Extracted information below:

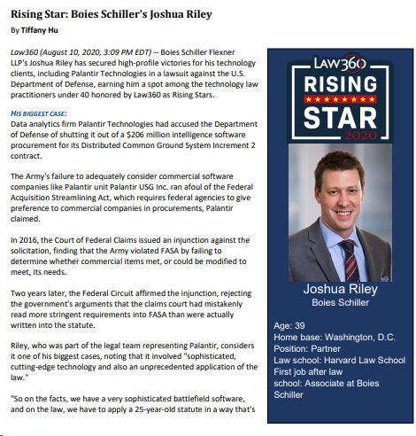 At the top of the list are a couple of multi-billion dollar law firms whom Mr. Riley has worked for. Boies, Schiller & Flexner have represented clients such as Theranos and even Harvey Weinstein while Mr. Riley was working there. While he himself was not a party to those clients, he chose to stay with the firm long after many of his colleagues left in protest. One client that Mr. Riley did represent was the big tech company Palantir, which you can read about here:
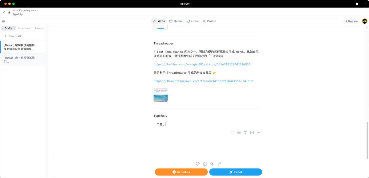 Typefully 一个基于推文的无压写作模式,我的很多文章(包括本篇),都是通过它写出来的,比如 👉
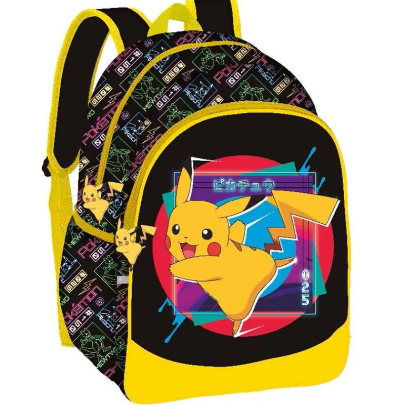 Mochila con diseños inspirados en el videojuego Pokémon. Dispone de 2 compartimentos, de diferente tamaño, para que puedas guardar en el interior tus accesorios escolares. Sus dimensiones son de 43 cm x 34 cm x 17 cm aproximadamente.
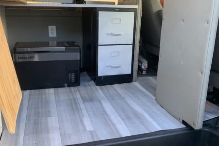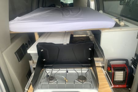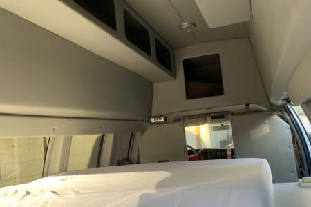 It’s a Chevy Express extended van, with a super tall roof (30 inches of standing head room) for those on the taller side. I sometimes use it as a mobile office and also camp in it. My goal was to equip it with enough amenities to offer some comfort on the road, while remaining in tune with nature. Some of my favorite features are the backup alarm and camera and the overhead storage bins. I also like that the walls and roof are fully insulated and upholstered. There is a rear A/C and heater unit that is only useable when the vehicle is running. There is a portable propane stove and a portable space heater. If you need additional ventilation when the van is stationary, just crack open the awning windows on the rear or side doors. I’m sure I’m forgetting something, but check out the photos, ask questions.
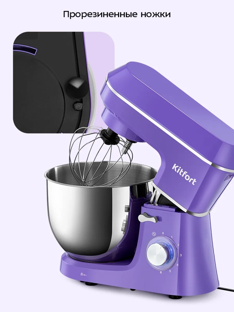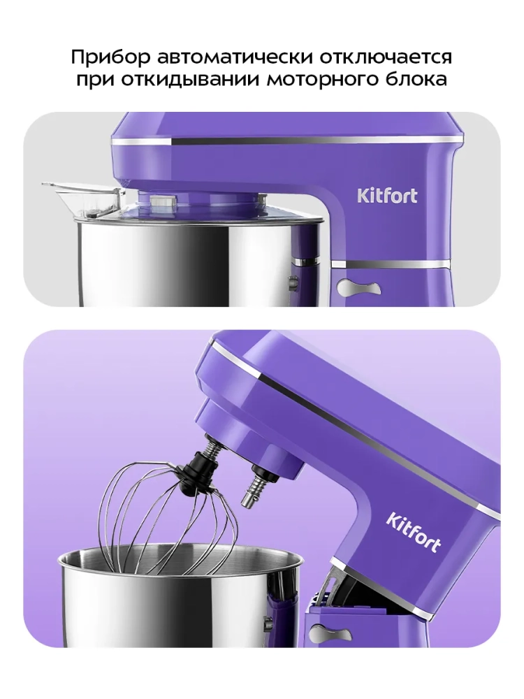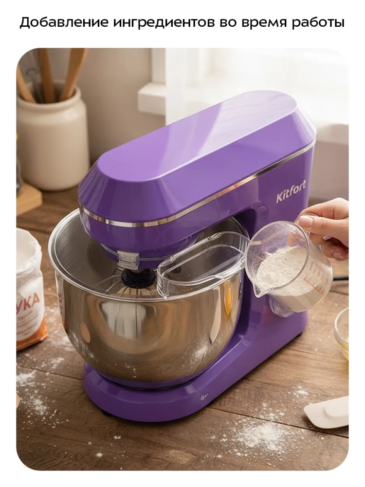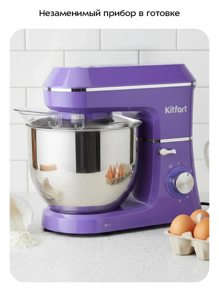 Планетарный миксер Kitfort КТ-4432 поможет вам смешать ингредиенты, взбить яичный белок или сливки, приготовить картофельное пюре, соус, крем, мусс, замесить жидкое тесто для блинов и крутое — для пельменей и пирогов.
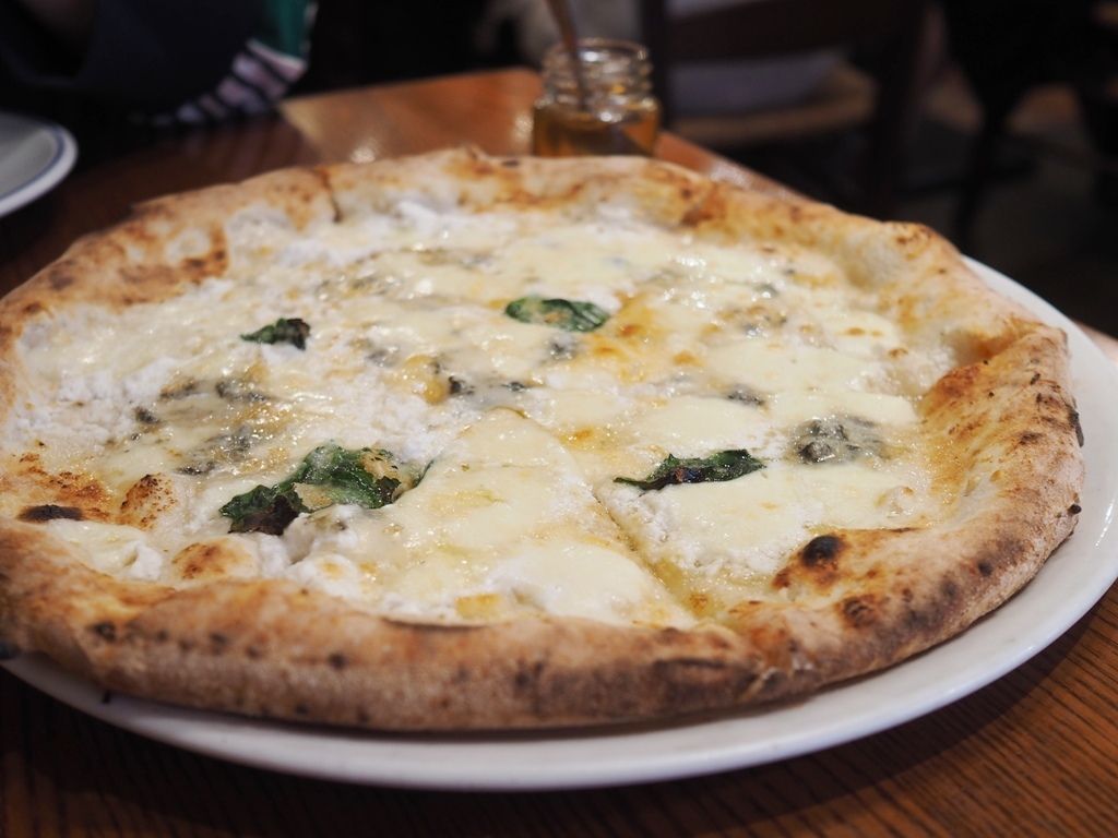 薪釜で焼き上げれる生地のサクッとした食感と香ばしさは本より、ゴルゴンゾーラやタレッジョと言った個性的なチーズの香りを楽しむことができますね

End of Extracted information.

Instructions to follow:
The output should be the material above, copied exactly, without its pictures.

Answer:
 At the top of the list are a couple of multi-billion dollar law firms whom Mr. Riley has worked for. Boies, Schiller & Flexner have represented clients such as Theranos and even Harvey Weinstein while Mr. Riley was working there. While he himself was not a party to those clients, he chose to stay with the firm long after many of his colleagues left in protest. One client that Mr. Riley did represent was the big tech company Palantir, which you can read about here:
 Typefully 一个基于推文的无压写作模式,我的很多文章(包括本篇),都是通过它写出来的,比如 👉
 Mochila con diseños inspirados en el videojuego Pokémon. Dispone de 2 compartimentos, de diferente tamaño, para que puedas guardar en el interior tus accesorios escolares. Sus dimensiones son de 43 cm x 34 cm x 17 cm aproximadamente.
 It’s a Chevy Express extended van, with a super tall roof (30 inches of standing head room) for those on the taller side. I sometimes use it as a mobile office and also camp in it. My goal was to equip it with enough amenities to offer some comfort on the road, while remaining in tune with nature. Some of my favorite features are the backup alarm and camera and the overhead storage bins. I also like that the walls and roof are fully insulated and upholstered. There is a rear A/C and heater unit that is only useable when the vehicle is running. There is a portable propane stove and a portable space heater. If you need additional ventilation when the van is stationary, just crack open the awning windows on the rear or side doors. I’m sure I’m forgetting something, but check out the photos, ask questions.
 Планетарный миксер Kitfort КТ-4432 поможет вам смешать ингредиенты, взбить яичный белок или сливки, приготовить картофельное пюре, соус, крем, мусс, замесить жидкое тесто для блинов и крутое — для пельменей и пирогов.
 薪釜で焼き上げれる生地のサクッとした食感と香ばしさは本より、ゴルゴンゾーラやタレッジョと言った個性的なチーズの香りを楽しむことができますね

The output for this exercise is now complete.